Asia, Pakistan, Baltoro Muztagh, Gasherbrum IV, Southwest Ridge, Attempt

Publication Year: 2000.

Gasherbrum IV, Southwest Ridge, Attempt. Steve Swenson, Charley Mace, Steve House (U.S.) and Andy DeKlerk (South Africa) made an attempt on the unclimbed southwest ridge of Gasherbrum IV (7925m). The intent of the expedition was to climb the route above 7000 meters alpine style without the use of fixed rope. In addition to climbing objectives, we also installed several new toilets at popular campsites on the Baltoro Glacier. Our expedition also succeeded in collecting and carrying out more than 500 pounds of trash from Gasherbrum Base Camp.

We arrived at Gasherbrum BC on July 1. By July 7, we had established our Camp I at around 6000 meters on the South Gasherbrum Glacier below Gasherbrum IV and the Italian Icefall. We spent a couple of days carrying loads and acclimatizing by skiing up to the base of the face below the southwest ridge. On July 9, a storm forced us back to BC for five days. We returned to CI on July 14, and on July 15 we skied up to the base of the route and climbed 700 feet up the lower snow face. The initial snow slope led to difficult mixed climbing on very rotten rock. It was our intent to fix rope up this face to where it reached the crest of the southwest ridge at 7000 meters.

A storm on July 19 lasted until July 26, so that it wasn’t until the 27th that we were able to return to our Camp I. On July 28, we continued to fix rope up mixed climbing with rotten rock. The climbing was to the right of a prominent rock tower on the ridge. Below the ridge crest, much of the climbing was thin unconsolidated snow over loose rock that presented few opportunities for placing gear. The weather changed for the worse again on July 31, so after only three days of fairly good weather, we returned to BC in a storm. The storm kept us in BC from July 31-August 4.

On August 5 we returned to CI On August 6, CII was placed on two very small platforms in a notch in the southwest ridge crest at 7000 meters. On the morning of August 7, we climbed a few hundred feet to the first rock band on the ridge at about 7200 meters with the intent of trying to find a better location for CII. The ridge crest consisted of more unconsolidated snow over bad rock, and a better campsite could not be found. The weather began to deteriorate again, so later that same day we descended to CI. On August 9, the entire team left for BC in this storm.

August 9-15 was another period of bad weather, but on August 16 it cleared, so all four of us returned to CI At CI it was clear, but above 7000 meters it was extremely windy. On August 19, the wind seemed to abate, so we climbed up to CII only to return due to high winds up high and deteriorating weather.

On August 20, all members returned to BC in overcast conditions and light snow. The section of the ridge above CII looked to be difficult rock climbing and we thought it might take as long as three days to reach the summit from our CII and another day to descend.
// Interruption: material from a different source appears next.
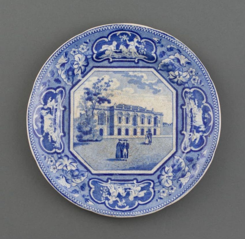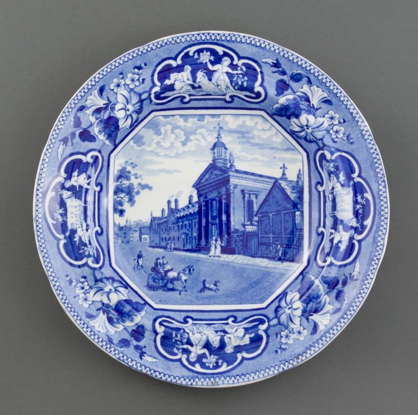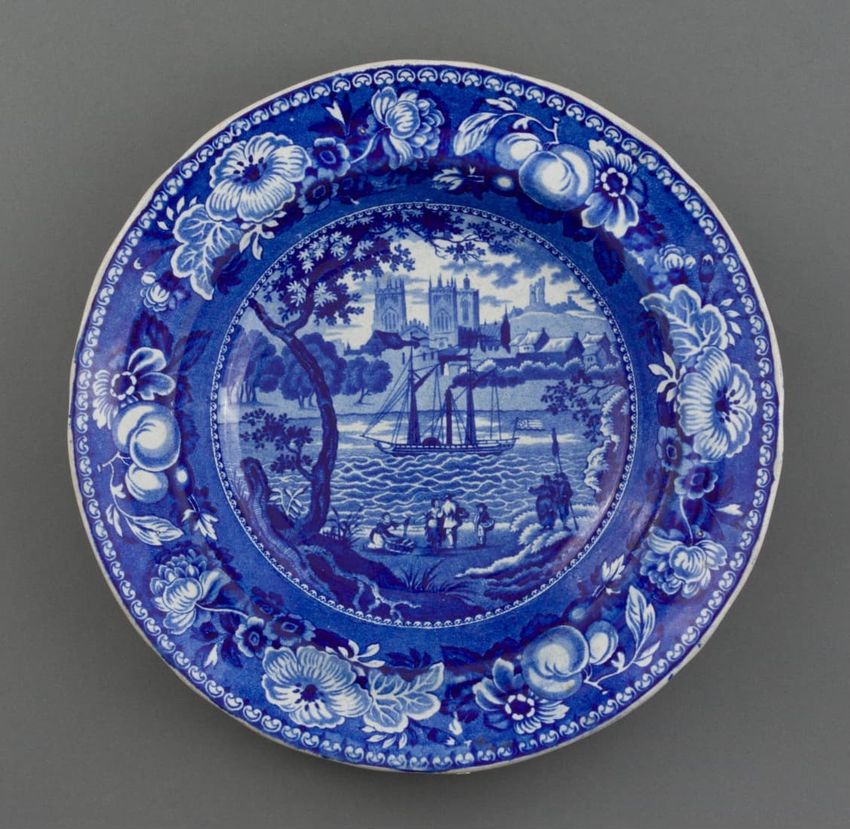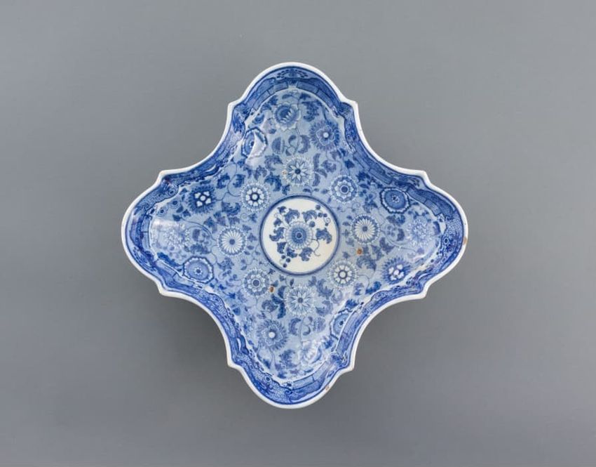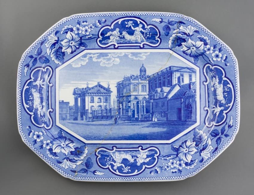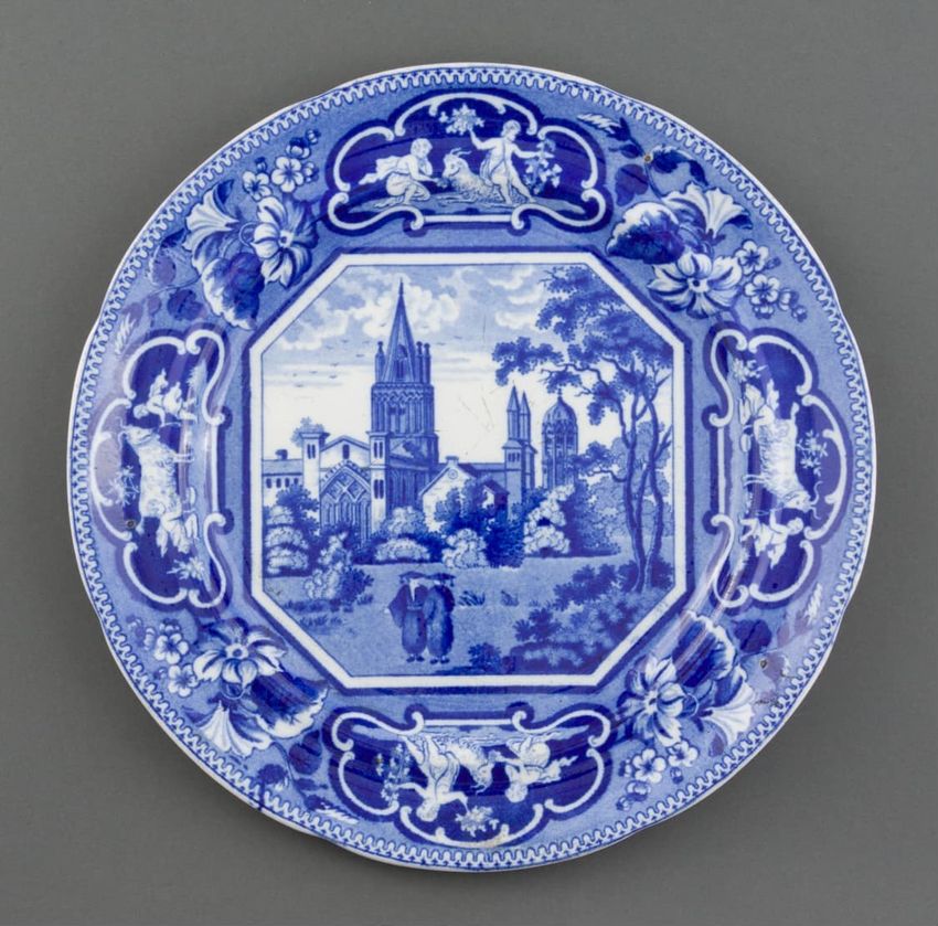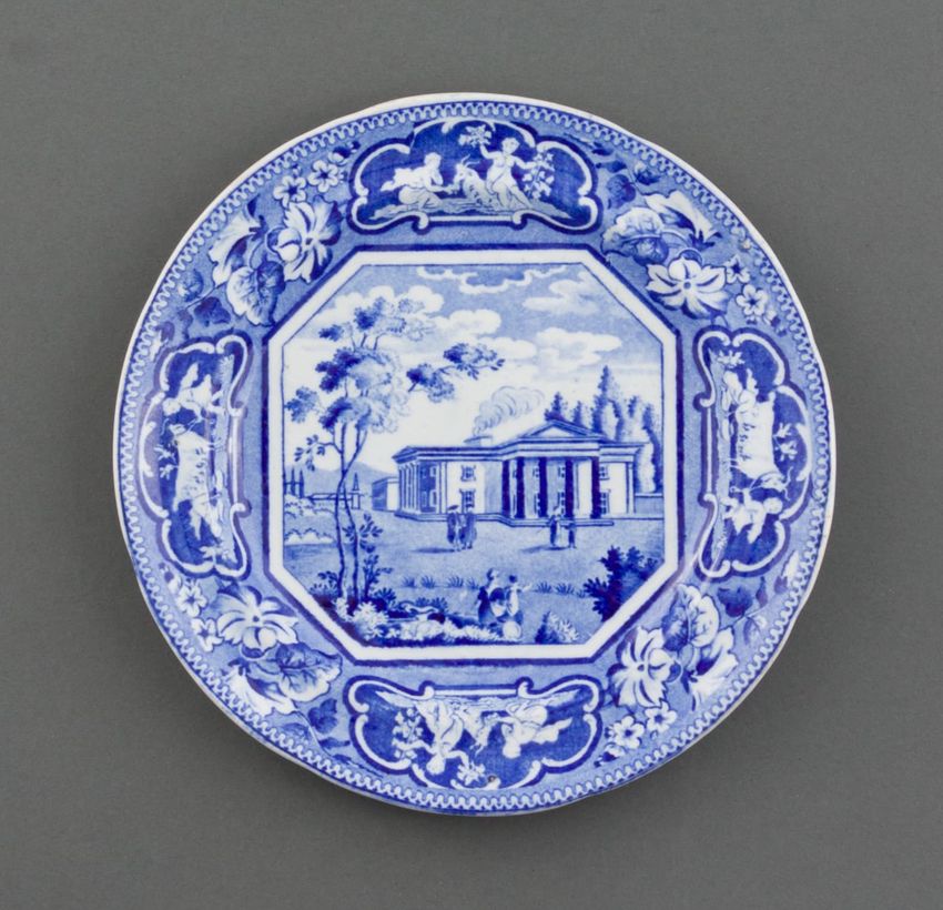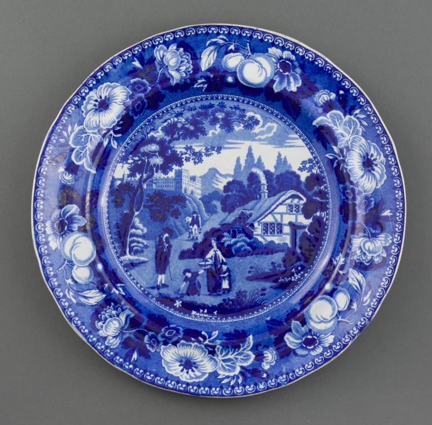 A blue transfer printed three piece tureen set which consists of a stand, tureen, and cover. Both the stand and the tureen have a central floral medallion surrounded by an inner floral border superimposed on a rounded diaper pattern and an outer foliate border. The outside of the tureen also has the...

Faced with this kind of difficult climbing up high, we did not want to commit to alpine-style climbing unless there was some indication that a more stable weather pattern had been established.

We waited at BC from August 21-August 24. We were running out of time, so we returned to CI on August 25 to wait for a break in the weather. The next day a storm dropped two feet of new snow at our CI. The storm continued until midday on August 28. On the 29th, we climbed to CII and spent the night there, hoping to continue upward the next day.

On August 30, a combination of the unsettled weather and some poor health led to a decision to descend from CII and abandon the climb. On August 31, all the remaining gear was carried down from CI to BC, where the porters were waiting for us to leave. On September 1, the expedition left BC. The weather closed in again and it snowed heavily for several days.